§ **Task statement**
For the lines from the one with "Vibrant maxi skirt" to the end of the listing below, both ends included, give an exact copy and nothing more. Do not copy pictures.

======== Dataset excerpt

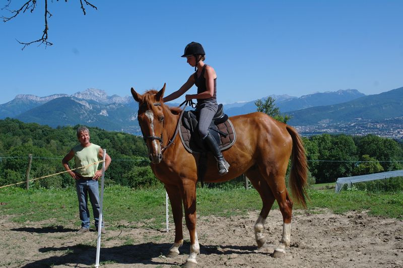 | Dire merci | Voilà les photos! 1ère difficulté du PTV: l'immobilité Au début il a voulu me suivre quand je suis sortie du cercle, et puis il a vite compris qu'il fallait pas bouger! ![]() Bébé tout sage! ![]() Ensuite c'était normalement le montoir à droite. Bon moi je suis montée à gauche... Vu comme il est grand je voulais pas retomber comme une grosse m*rde dessus...! ![]() Après il fallait ouvrir la porte. Il était pas du tout stressé par la corde! Il s'en foutait royalement! Le seul truc c'est que j'avais du mal à le faire pivoter, normal quoi!!! Du coup j'ai laché une fois la corde, mais on me la redonné et j'ai pu fermer la porte sans problème!! ![]() ![]() Il regarde ce que je fais ![]() Et on referme! ![]() Contente de mon loulou!!! ![]() ![]() Ensuite on se dirige vers les branches basses. Je me penche déjà en avant pour qu'il ne soit pas étonné d'avoir mon poids sur ses épaules. ![]() |
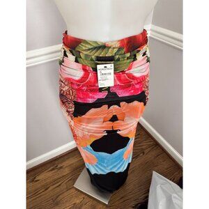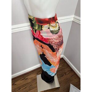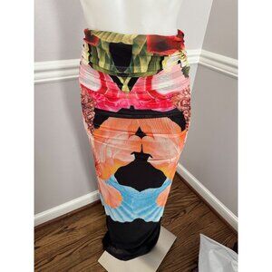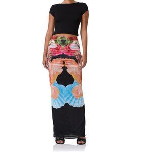 Vibrant maxi skirt with abstract patterns. Features a blend of colors for a bold look. Perfect for casual outings.
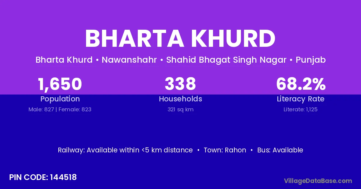 According to Census 2011 information, the village code of Bharta Khurd village is 144518.

================

§ **Task answer**
 Vibrant maxi skirt with abstract patterns. Features a blend of colors for a bold look. Perfect for casual outings.
 According to Census 2011 information, the village code of Bharta Khurd village is 144518.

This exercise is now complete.